↓↓↓

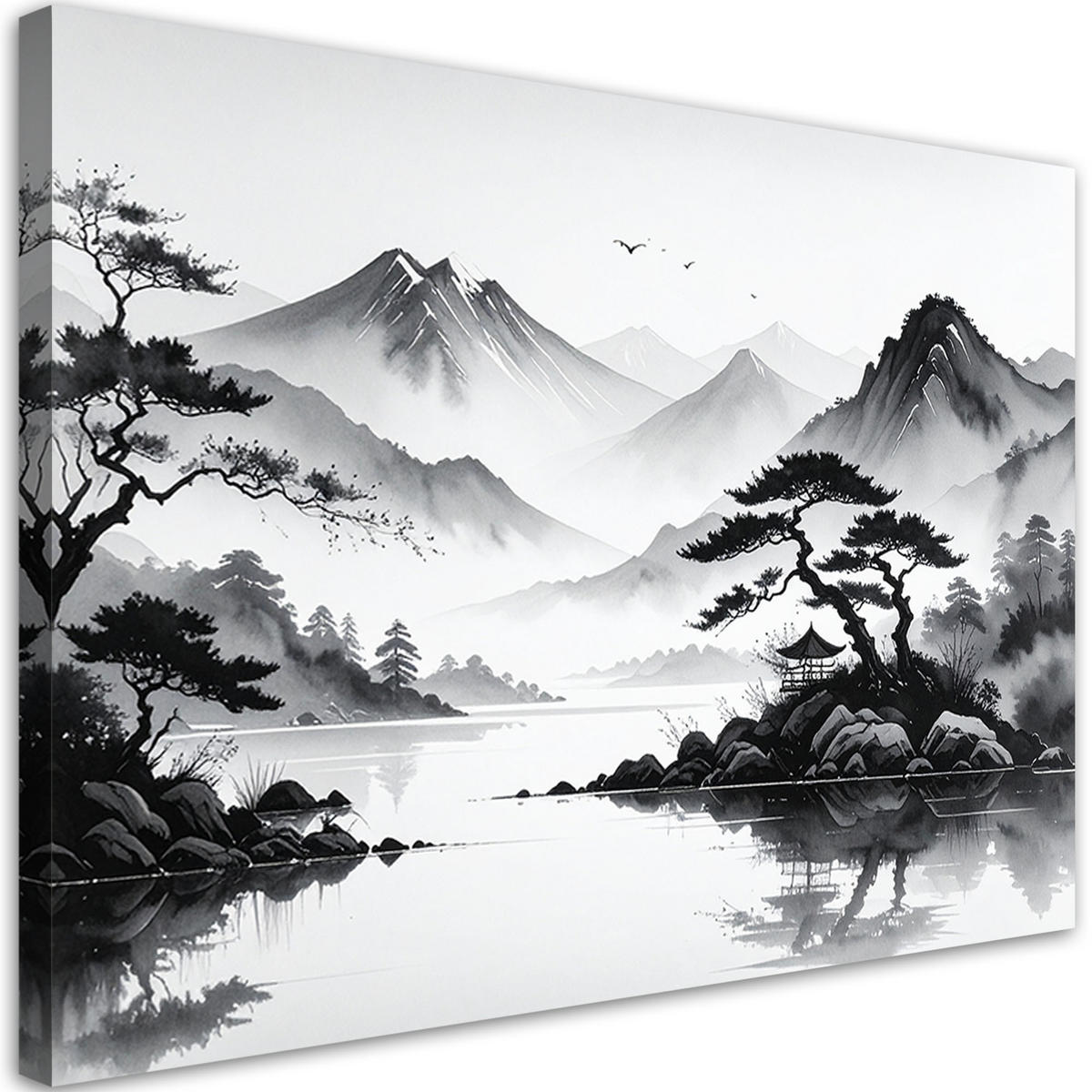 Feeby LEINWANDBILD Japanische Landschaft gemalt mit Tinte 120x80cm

↑↑↑
↓↓↓

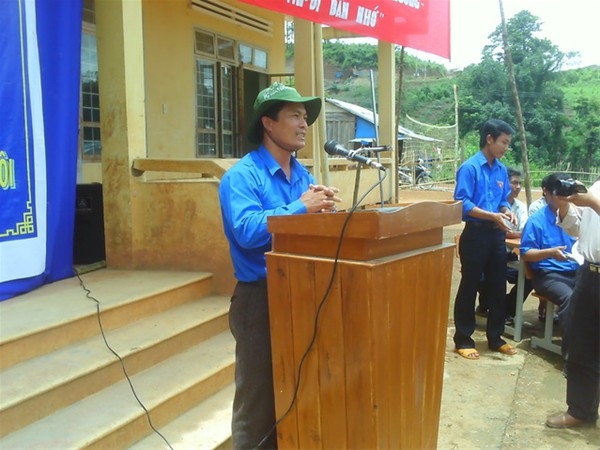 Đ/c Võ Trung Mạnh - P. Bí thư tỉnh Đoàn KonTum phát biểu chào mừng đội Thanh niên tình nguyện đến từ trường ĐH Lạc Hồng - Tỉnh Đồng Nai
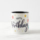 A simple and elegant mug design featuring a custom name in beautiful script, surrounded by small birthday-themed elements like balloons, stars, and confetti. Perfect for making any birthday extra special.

↑↑↑

*Task requirements:* Pictures are to be left out. Write out only the lines above starting at the one with "Đ/c Võ Trung" and ending at the one with "A simple and", both lines included, exactly.

*Result for this exercise:*
 Đ/c Võ Trung Mạnh - P. Bí thư tỉnh Đoàn KonTum phát biểu chào mừng đội Thanh niên tình nguyện đến từ trường ĐH Lạc Hồng - Tỉnh Đồng Nai
 A simple and elegant mug design featuring a custom name in beautiful script, surrounded by small birthday-themed elements like balloons, stars, and confetti. Perfect for making any birthday extra special.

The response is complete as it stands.